Exposure to simulated in-flight medical emergencies could help prepare medical personnel — and crewmembers — to respond appropriately to actual emergencies, according to a small study by researchers from the United States and Saudi Arabia.1
In a report published in the December issue of Aerospace Medicine and Human Performance, the researchers said that opportunities for such training are limited and suggested that medical schools could offer courses as electives, either separately or incorporated into existing classes in wilderness medicine or “austere” medicine (medicine practiced in a resource-limited environment).
The report cited recent studies that included a wide range of estimates of the frequency of in-flight medical emergencies and noted that one conclusion was that medical events occur about once in every 11,000 passengers. A small percentage of those events result in diversions to enable the patient to receiver further medical care.
Airline crewmembers often lack confidence in responding to simulated in-flight medical problems and struggle for a correct response, the report said, adding that new medical school graduates share those shortcomings.
Instructions specifically aimed at handling in-flight medical problems can help, the report said, and a helpful instructional session, including both a lecture and simulation, can be as short as 90 minutes.
Researchers developed a simulation-based course for teaching the handling of common in-flight medical problems, including fainting, an allergic reaction and respiratory problems, and commonly fatal problems such as cardiac arrest.
“The cases were designed to encourage prudent resource management and to force learners to engage in decisions regarding airplane diversion,” the report said. Researchers created a 15-item multiple choice quiz to assess students’ knowledge before and after the training session.
A simulated airplane cabin, with dimensions resembling those of a Boeing 737, was created, and medical students were recruited for participation from among those attending an elective class in wilderness and extreme environmental medicine. The report’s authors acknowledged that the ground simulation did not precisely replicate conditions of an actual flight when “the noise and vibrations may make diagnosis with a stethoscope challenging,” the report said.

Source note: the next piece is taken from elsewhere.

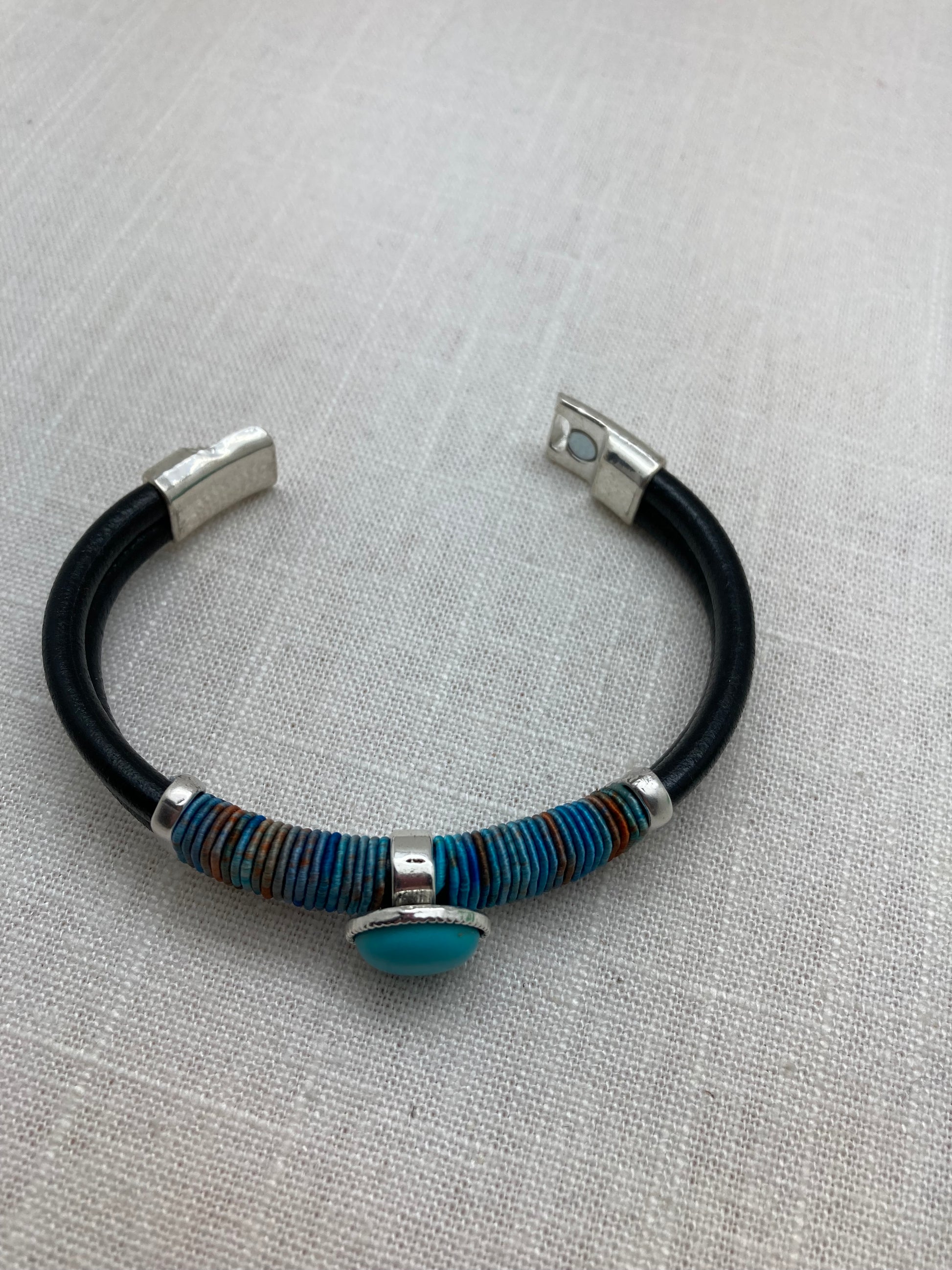 Two strands of thick rustic black leather cord are wrapped in shades of blue and rust and completed with a strong magnetic clasp.

The 18 students (third- and fourth-year medical students) participated in four simulated medical events. The quiz was administered before the course and again about 10 days later. Quiz results showed that the training session increased their skills in handling the simulated events, with mean scores of 75.6 percent on the pretest and 87 percent on the post-training test.
“While the sample size was relatively small, these results suggest that a brief simulation training session can significantly increase both familiarity and knowledge with respect to physician response to common in-flight medical emergencies,” the report said. Student response to the training was “overwhelmingly positive.”
The report acknowledged limitations of the study, including the low enrollment and the absence of an additional quiz to evaluate longer-term retention of what was learned. Although the medical scenarios were selected in part because of the frequency of such in-flight events, the report’s authors said that other conditions also could be covered.
Despite the limitations, the report said that the study showed that simulated training for in-flight medical emergencies could be “a welcome addition to medical education opportunities for senior-level medical students,” and also could be modified to educate aircraft crewmembers.
Note
- Padaki, Amit; Redha, Waddaa; Clark, Todd; Nichols, Ty; Jacoby, Leah; Slivka, Rachael; Ranniger, Claudia; Lehnhardt, Kris. “Simulation Training for In-Flight Medical Emergencies Improves Provider Knowledge and Confidence.” Aerospace Medicine and Human Performance Volume 89 (December 2018): 1076–1079.